Plants are not inanimate. They co-exist in a constant battle fought in slow motion. Speed things up and you’d see them lashing, groping, and fighting; kidnapping, playing tricks on, and even hunting animals. We live in a time of unprecedented global challenges to which plants hold many of the solutions, from food security and medicine to carbon capture: we can’t afford to ignore them. In the book Pathless Forest I seek to portray plants differently: for them to push up against the margins of convention; and show how they are vital for our own future as for that of the planet we share.
Here, in an exclusive extract from Pathless Forest, we hear about the moment that Dr Chris Thorogood encountered this alien-like flower for the first time.
Suddenly, an electric frisson runs along my arms, lifting the hairs like static. That’s how I know we’ve found it. ‘THERE!’ exclaims Pat, pointing to a confusion of vines. We freeze.

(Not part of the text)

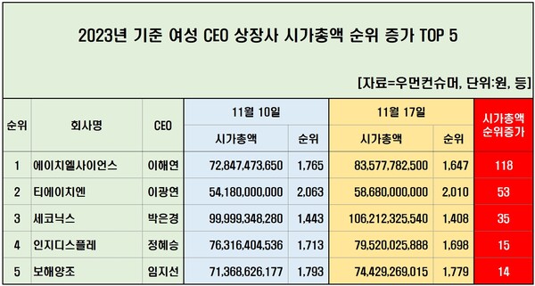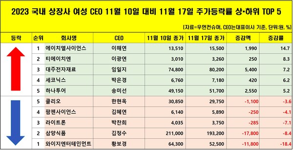 우먼컨슈머 조사, 여성 CEO 40명 이달 10일 대비 17일 주가 변동 조사

I follow his eyes along the swarm of tentacles writhing to the floor. And there — there at its source — is a fivefold miracle.
At last.
It looks like one of Ernst Haeckel’s creatures, pushing itself up out of the earth. Pat shepherds us towards the fleshy, starfishy thing.
Rafflesia panchoana: one of the smallest in the genus, no larger than a stretched hand. On closer inspection we find a whole procession of them, each at different stages of development: spent flowers black and glistening, alongside little brown buds like unpolished conkers.
‘Little big flowers,’ Pat christens them, his eyebrows aflutter.
I crouch to peer at the single open specimen: a box-fresh, pocket Rafflesia. It looks solid, powerful; more alive than the surrounding plants. Its otherness is ridiculous. I trace my finger along one of the ear-shaped lobes to know that it’s real. It’s rough, like woodchip wallpaper, and soapy. In its centre sits a latte-brown disc, singed along the edges; it looks for all the world like crème brûlée. Its petals are the colour of blood. They’re showered in a white constellation applied more thickly around the middle, falling and fading over the edges. Like a red galaxy. Mesmerising.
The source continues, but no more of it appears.